### EXERCISE
Nothing but the lines from the one with "4.切好的圓蔥、黃瓜、雞脆骨放入容器中" through the end of the data should be set down, each exactly as written, and no picture should be included.

----

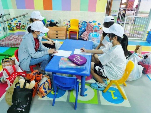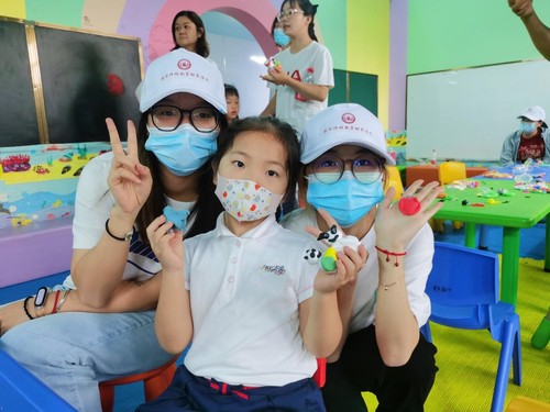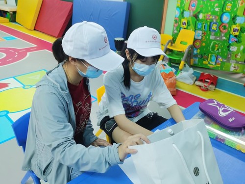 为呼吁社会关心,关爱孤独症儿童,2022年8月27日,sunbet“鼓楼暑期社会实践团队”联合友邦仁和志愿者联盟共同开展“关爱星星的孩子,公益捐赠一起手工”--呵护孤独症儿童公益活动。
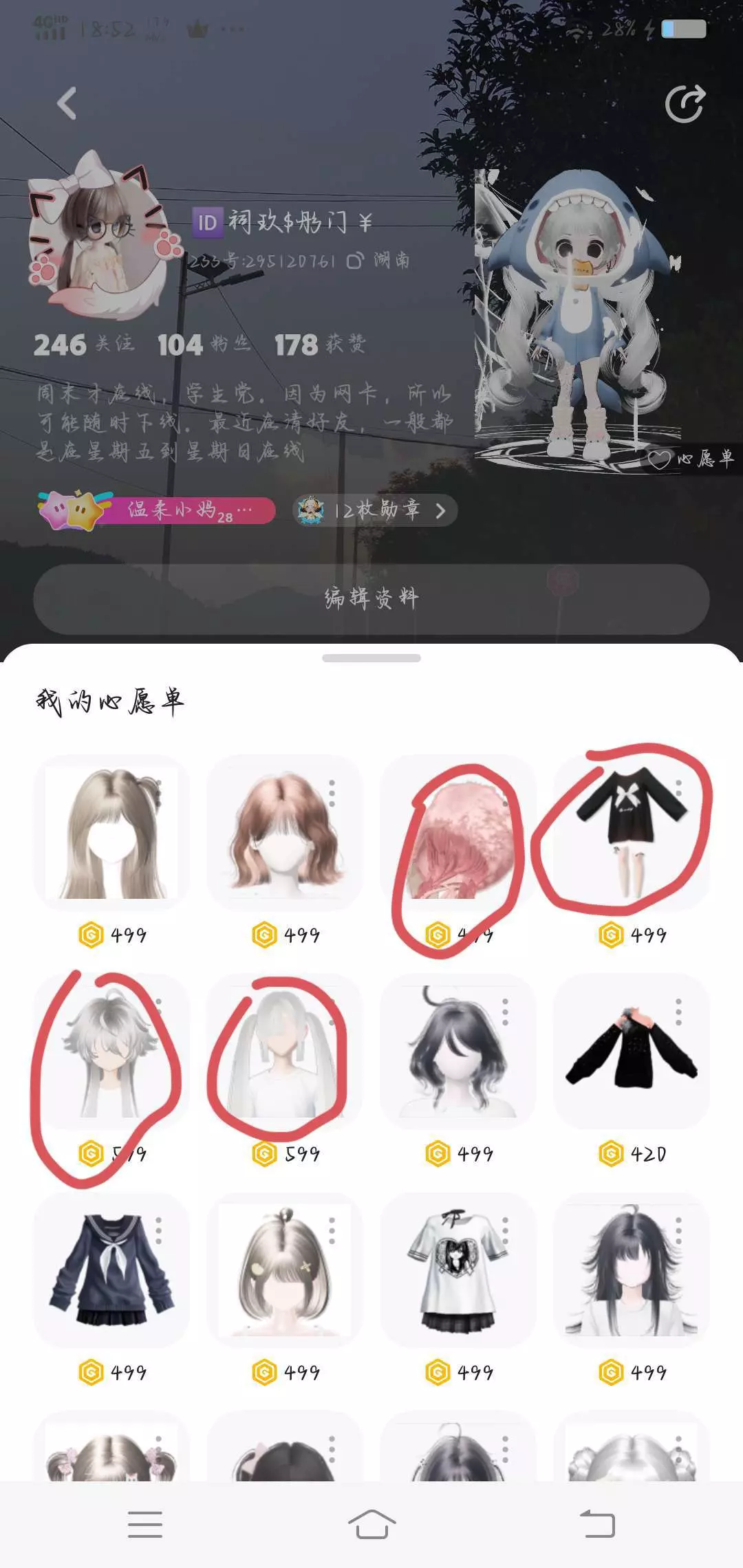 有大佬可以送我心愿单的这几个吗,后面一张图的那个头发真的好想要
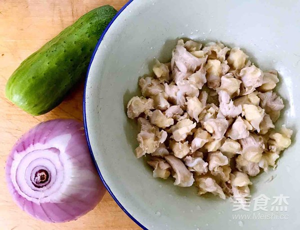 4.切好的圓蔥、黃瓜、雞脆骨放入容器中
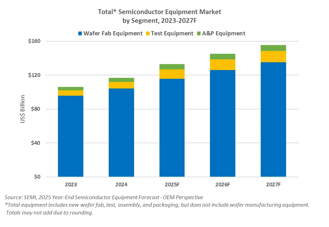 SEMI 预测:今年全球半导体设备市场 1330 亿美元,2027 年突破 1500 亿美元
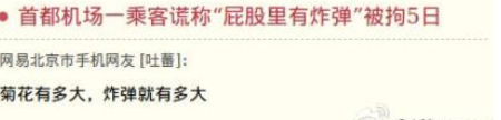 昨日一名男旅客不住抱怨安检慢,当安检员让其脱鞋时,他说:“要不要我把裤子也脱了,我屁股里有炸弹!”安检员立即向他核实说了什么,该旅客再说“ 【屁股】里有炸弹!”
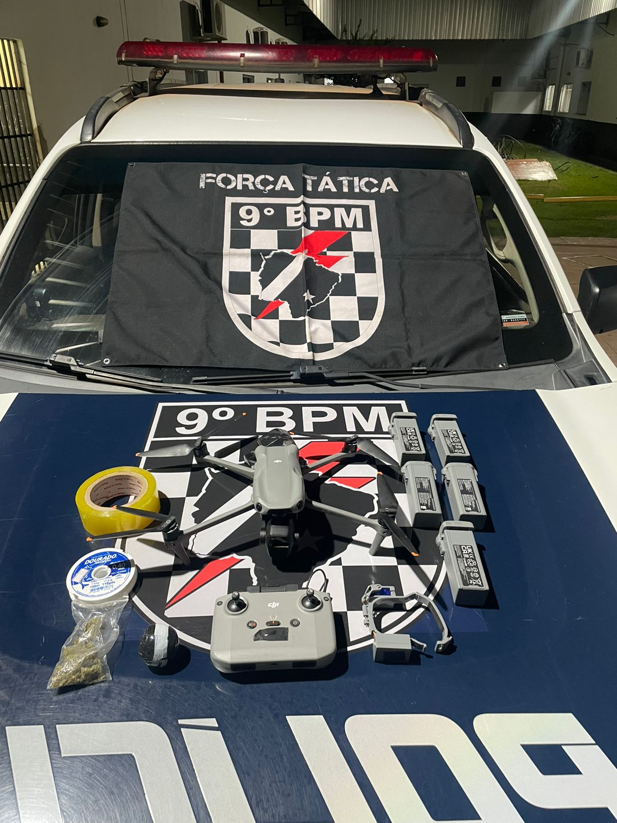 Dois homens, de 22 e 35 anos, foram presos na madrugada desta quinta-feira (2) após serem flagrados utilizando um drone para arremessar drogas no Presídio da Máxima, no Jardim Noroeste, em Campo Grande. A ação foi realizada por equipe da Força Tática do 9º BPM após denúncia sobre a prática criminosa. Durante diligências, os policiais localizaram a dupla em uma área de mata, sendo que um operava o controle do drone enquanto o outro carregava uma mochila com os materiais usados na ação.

----

### RESULT FOR THIS EXERCISE
 4.切好的圓蔥、黃瓜、雞脆骨放入容器中
 SEMI 预测:今年全球半导体设备市场 1330 亿美元,2027 年突破 1500 亿美元
 昨日一名男旅客不住抱怨安检慢,当安检员让其脱鞋时,他说:“要不要我把裤子也脱了,我屁股里有炸弹!”安检员立即向他核实说了什么,该旅客再说“ 【屁股】里有炸弹!”
 Dois homens, de 22 e 35 anos, foram presos na madrugada desta quinta-feira (2) após serem flagrados utilizando um drone para arremessar drogas no Presídio da Máxima, no Jardim Noroeste, em Campo Grande. A ação foi realizada por equipe da Força Tática do 9º BPM após denúncia sobre a prática criminosa. Durante diligências, os policiais localizaram a dupla em uma área de mata, sendo que um operava o controle do drone enquanto o outro carregava uma mochila com os materiais usados na ação.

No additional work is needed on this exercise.